Answer:
A. Since the 3 angles in ∆ABC are congruent to the corresponding 3 angles in ∆A'B'C', therefore, ∆ABC is similar to ∆A'B'C'.
B. A'B' = 30
Step-by-step explanation:
A. Two triangles are said to be similar if their corresponding angles are congruent to each other.
To know whether ∆ABC and ∆A'B'C' are similar, let's find the measure of their angles each, and see if their corresponding angles are congruent to each other.
∆ABC:
m<A = 59°
m<B = 37°
m<C = 180 - (37 + 59) = 84°
∆A'B'C':
m<A' = 59°
m<B' = 180 - (59 + 84) = 37°
m<C' = 84°
As we can see,
Angle A is congruent to Angle A'
Angle B is congruent to Angle B'
Angle C is congruent to Angle C'
Therefore, since the 3 angles in ∆ABC are congruent to the corresponding 3 angles in ∆A'B'C', therefore, ∆ABC is similar to ∆A'B'C'.

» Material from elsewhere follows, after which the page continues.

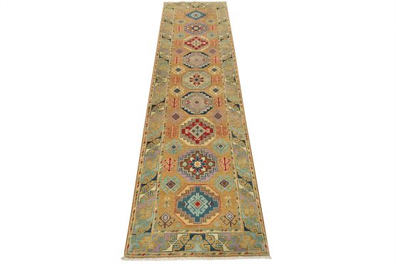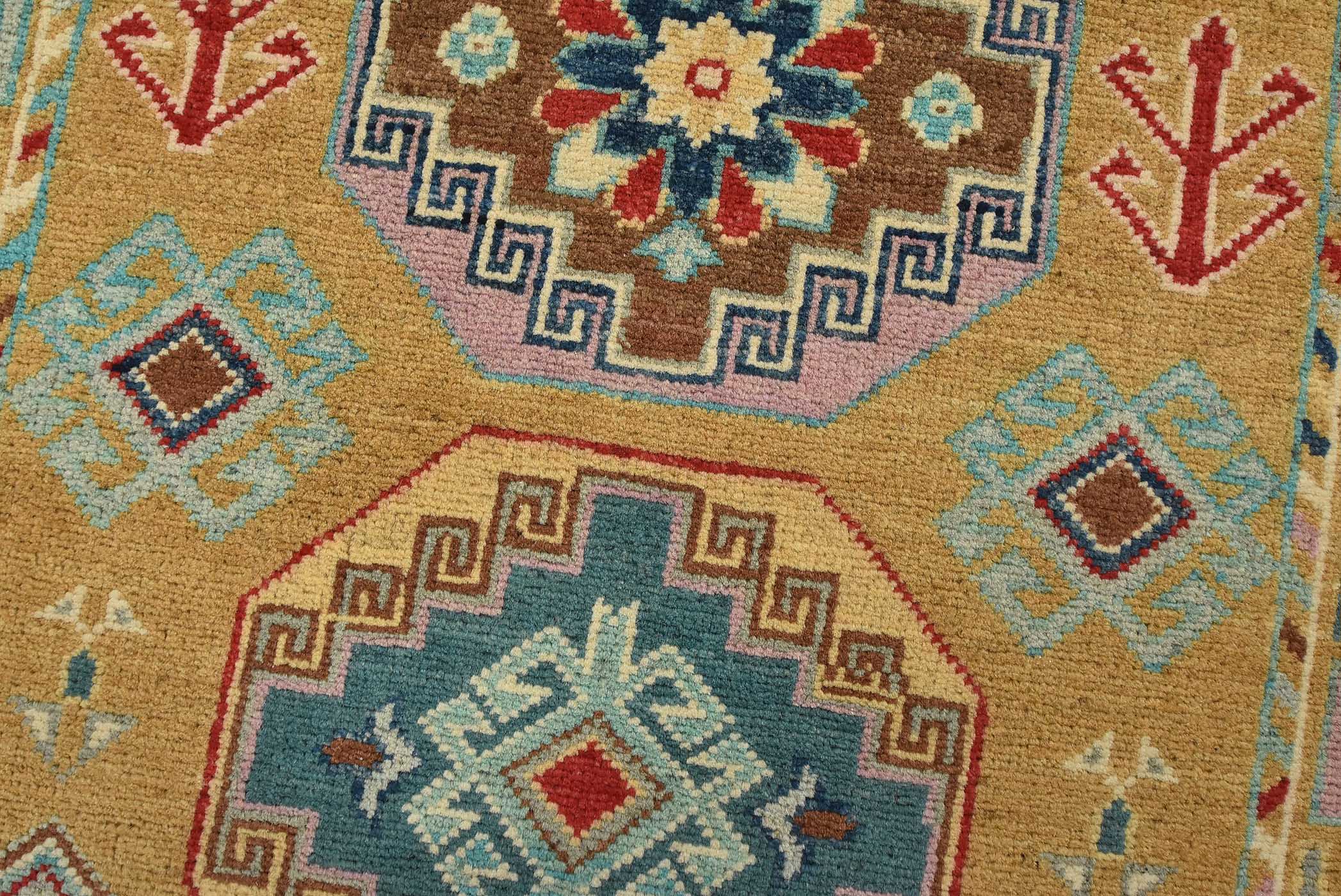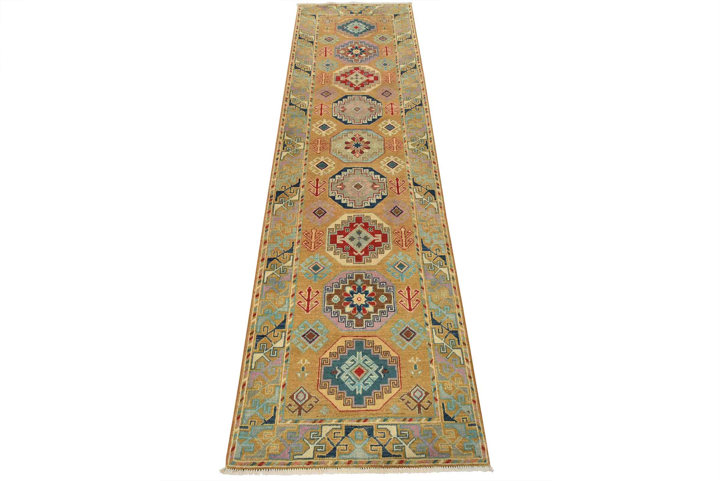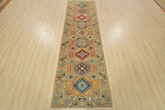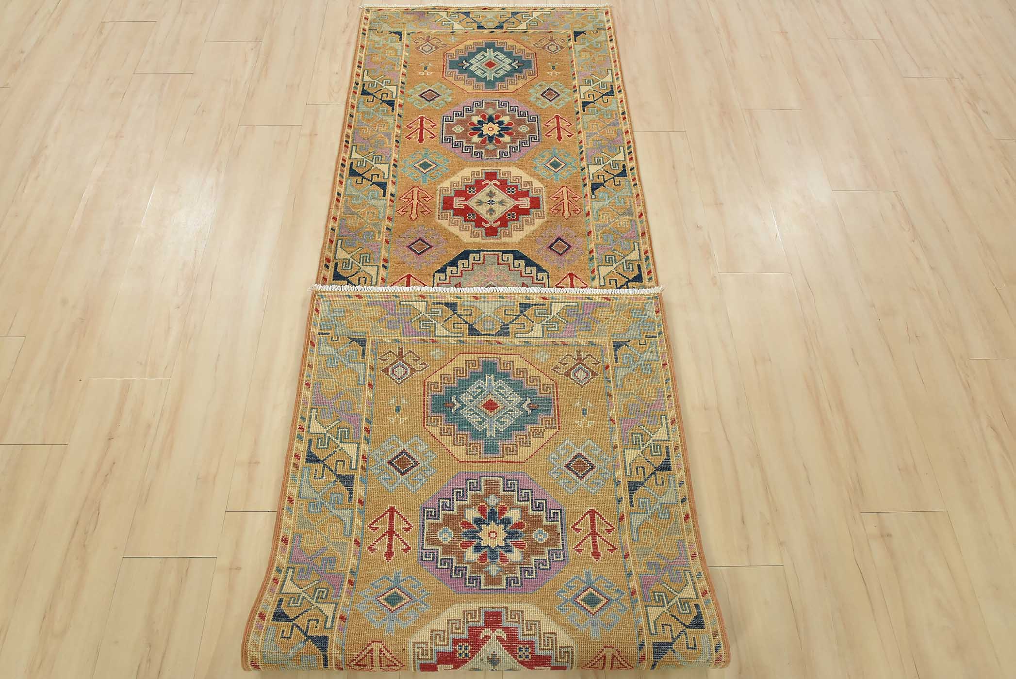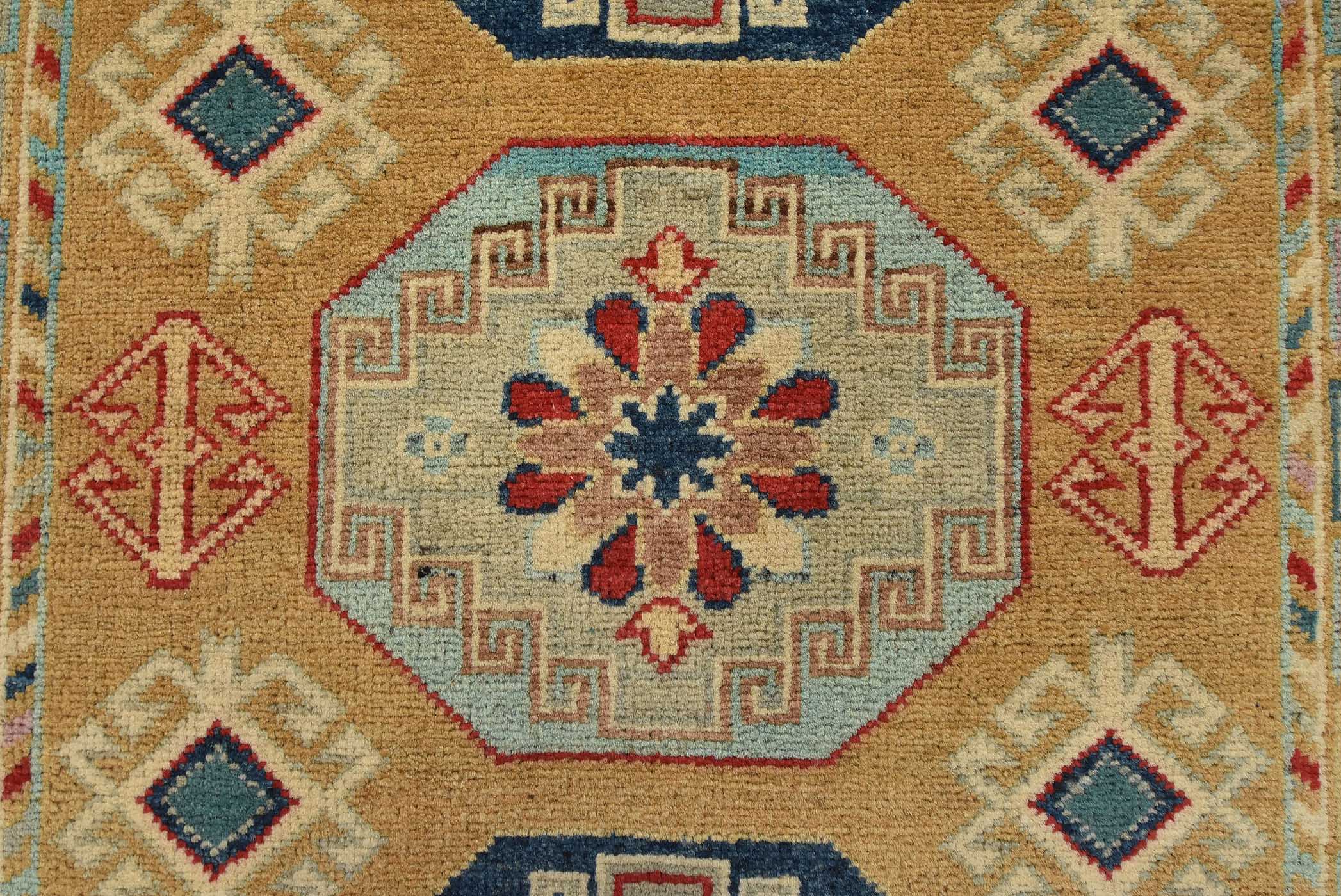 A tribal Caucasian Kazak runner hand-knotted with fine wool on a cotton foundation. This rug features a row of geometric medallions surrounded by small geometric motifs set against a brown background. It is new and in excellent condition.

B. AC = 8; A'C' = 12; AB = 20
Since ∆ABC is similar to ∆A'B'C', the ratio of their corresponding sides would be equal.
Therefore:
AC/A'C' = AB/A'B'
Plug in the values into the equation
8/12 = 20/A'B'
Cross multiply
A'B'*8 = 20*12
A'B'*8= 240
Divide both sides by 8
A'B' = 240/8
A'B' = 30